# 1st Signs of Winter



## tjohnson (Sep 15, 2011)

It's September 15th and the 1st signs of winter are already here.

Our 1st frost is about 3 weeks ahead of schedule.

Hope this is not a sign of a "Long Cold Miserable Minnesota Winter"!!!

It's amazing that we can have frost in the morning and hit 70° in the afternoon!

What's really sad, is in January, we will be thinking 32° is a heat wave!!

Have a GREAT Day!

Todd

We used the Weber Grill last night








Our pumpkin patch







Backyard is frosty, but no frost near the pond







Frost on the windshield


----------



## africanmeat (Sep 15, 2011)

Brrrrrrrrrrr it looks cold, we are almost out of the winter .i hope will have a great Summer


----------



## Bearcarver (Sep 15, 2011)

Frost the middle of Sept !!!!

Yikes!!!!

We don't get any of that yet !!!

Bear


----------



## masterofmymeat (Sep 15, 2011)

Well..have fun with that Todd. I don't envy you a bit. I moved to

South West Florida in 1988 because I survived 13 years of

Syracuse NY winters and said enough is enough. I have been

back only once.

You know what I used to say? If you get hot, it's easy to cool off quickly,

but when you get cold from Northern winters, you are cold to the bone

and it takes forever to warm up again....Enjoy!            






	

		
			
		

		
	
 James


----------



## masterofmymeat (Sep 15, 2011)

africanmeat said:


> Brrrrrrrrrrr it looks cold, we are almost out of the winter .i hope will have a great Summer


That scours my brain, Africanmeat. You're just finishing Winter there???? I never think of

Africa as a Wintery place...hmmmn, back to Google...James


----------



## alelover (Sep 15, 2011)

Damn. It's going to be near 90 here today.


----------



## bluebombersfan (Sep 15, 2011)

HAHAHAHAAH, We have been lucky enough to not have frost at the end of Aug this year!!!


----------



## bluebombersfan (Sep 15, 2011)

alelover said:


> Damn. It's going to be near 90 here today.

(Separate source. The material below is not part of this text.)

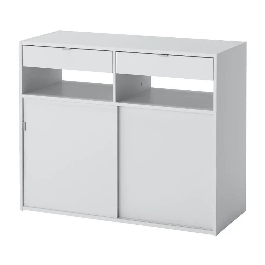 ИКЕА IKEA Простой дизайн, впечатляющий своей функциональностью. Это дает массу возможностей вписаться в интерьер вашего дома. Буфет включает в себя открытые и закрытые решения для хранения вещей с раздвижными дверцами и 2 практичными ящиками сверху. Оригинальная икея/ikea
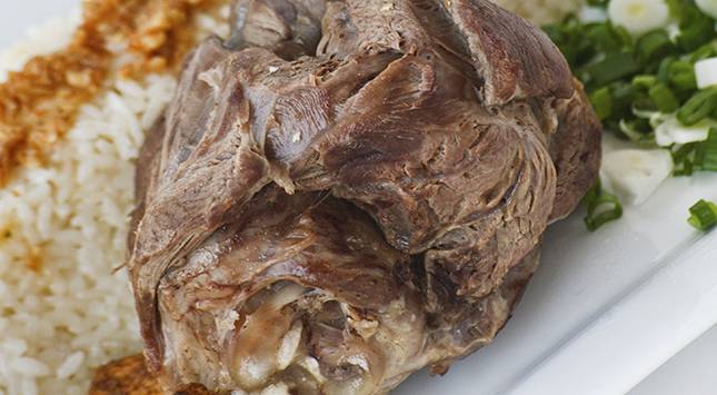 يُقدم مع الأرز الموضوع على وجهه الخبز واللحم.

Very nice!!!  Right now it is 1C here of 34F and that is a beautiful morning for Sept.!!  Winter will hit days of -45C or -49F!!!!!!!


----------



## alelover (Sep 15, 2011)

We will be getting some of that Canadian air tonight. It'll only be in the 60s tomorrow.


----------



## sunman76 (Sep 15, 2011)

the week before we got down to 47 at our house and Monday it was back in the high 90's and 100  
	

	
	
		
		



		
		
	


	





  today it is 58 right now and looks like low 90's next week. 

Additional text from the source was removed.